## WORKING DATA

──────────

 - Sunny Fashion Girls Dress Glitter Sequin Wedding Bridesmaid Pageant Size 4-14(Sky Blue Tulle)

──────────

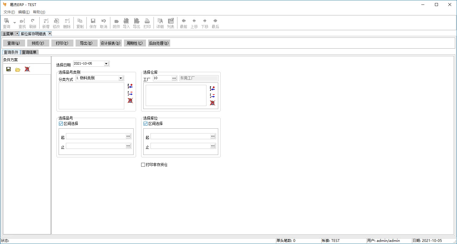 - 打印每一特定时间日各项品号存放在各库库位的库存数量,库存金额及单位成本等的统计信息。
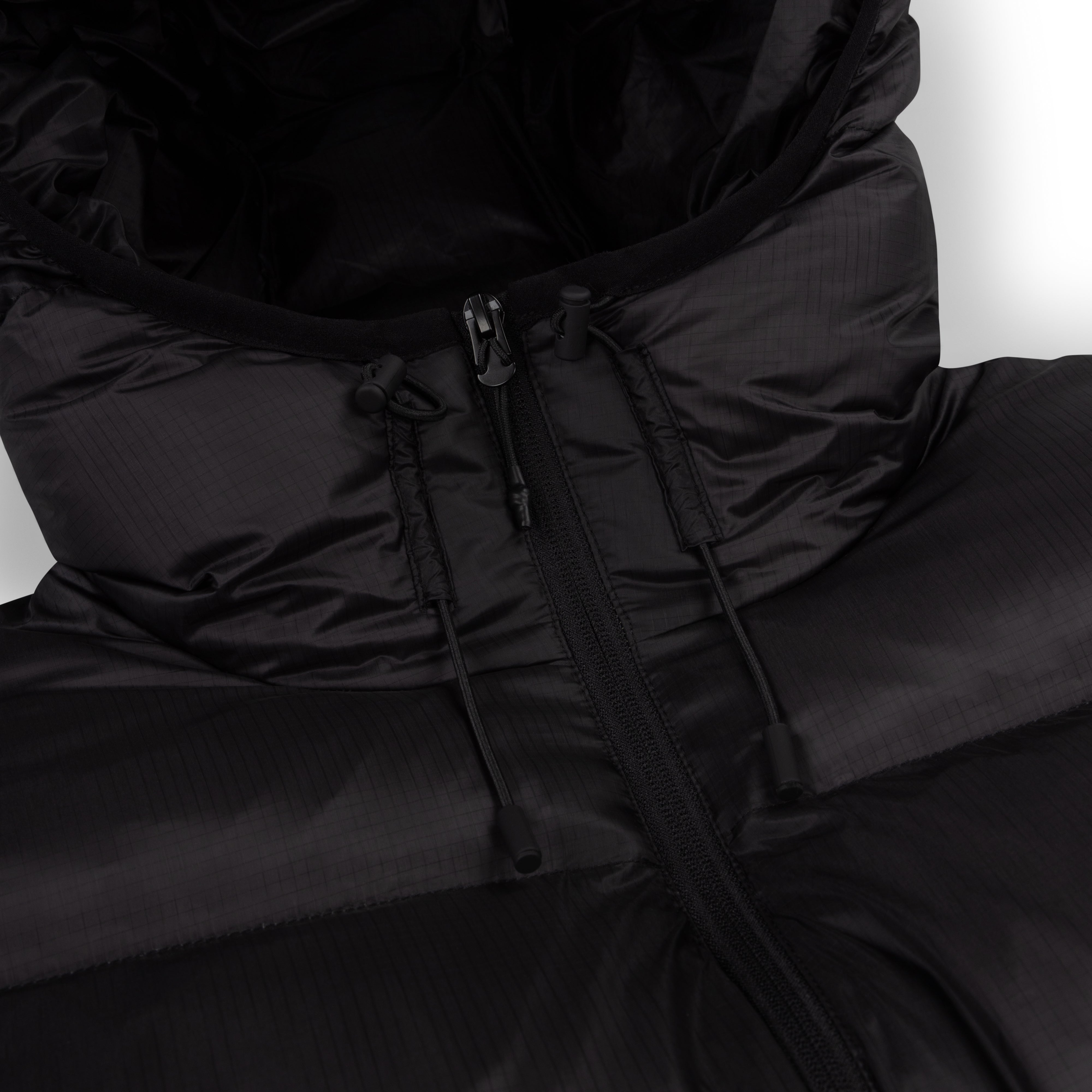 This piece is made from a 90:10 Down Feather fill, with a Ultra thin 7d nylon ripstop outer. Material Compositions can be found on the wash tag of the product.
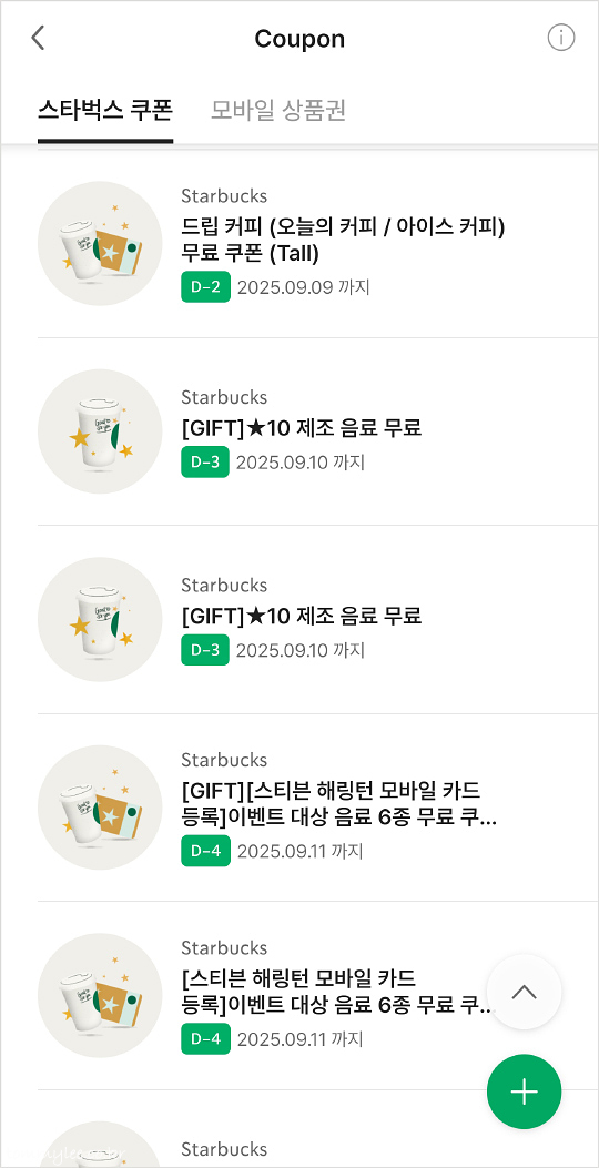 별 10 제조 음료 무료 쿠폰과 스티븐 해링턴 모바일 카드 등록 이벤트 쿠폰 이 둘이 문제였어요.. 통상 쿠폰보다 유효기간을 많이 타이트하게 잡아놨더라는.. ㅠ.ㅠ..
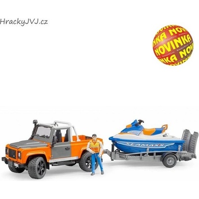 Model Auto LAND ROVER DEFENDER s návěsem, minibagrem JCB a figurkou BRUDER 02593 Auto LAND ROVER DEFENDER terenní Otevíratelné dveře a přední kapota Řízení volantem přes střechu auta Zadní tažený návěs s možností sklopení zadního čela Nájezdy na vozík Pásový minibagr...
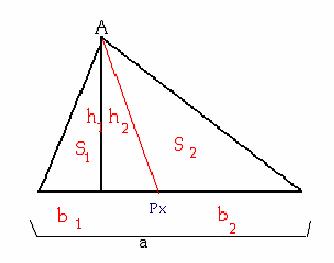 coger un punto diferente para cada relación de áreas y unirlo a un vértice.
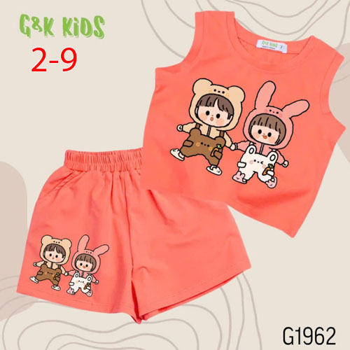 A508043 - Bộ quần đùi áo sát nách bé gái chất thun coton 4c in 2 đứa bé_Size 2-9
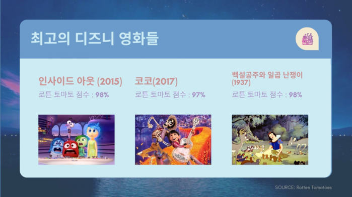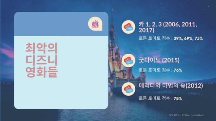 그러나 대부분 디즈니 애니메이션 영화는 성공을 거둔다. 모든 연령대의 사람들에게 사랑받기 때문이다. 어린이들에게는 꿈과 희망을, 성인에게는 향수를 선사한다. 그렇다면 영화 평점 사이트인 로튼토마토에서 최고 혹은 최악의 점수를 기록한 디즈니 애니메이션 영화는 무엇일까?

──────────

## WHAT TO PRODUCE
Repeat exactly the lines above, beginning at the one containing "A508043 - Bộ" and ending at the one containing "그러나 대부분 디즈니". Do not carry over any pictures.

## TASK ANSWER
 A508043 - Bộ quần đùi áo sát nách bé gái chất thun coton 4c in 2 đứa bé_Size 2-9
 그러나 대부분 디즈니 애니메이션 영화는 성공을 거둔다. 모든 연령대의 사람들에게 사랑받기 때문이다. 어린이들에게는 꿈과 희망을, 성인에게는 향수를 선사한다. 그렇다면 영화 평점 사이트인 로튼토마토에서 최고 혹은 최악의 점수를 기록한 디즈니 애니메이션 영화는 무엇일까?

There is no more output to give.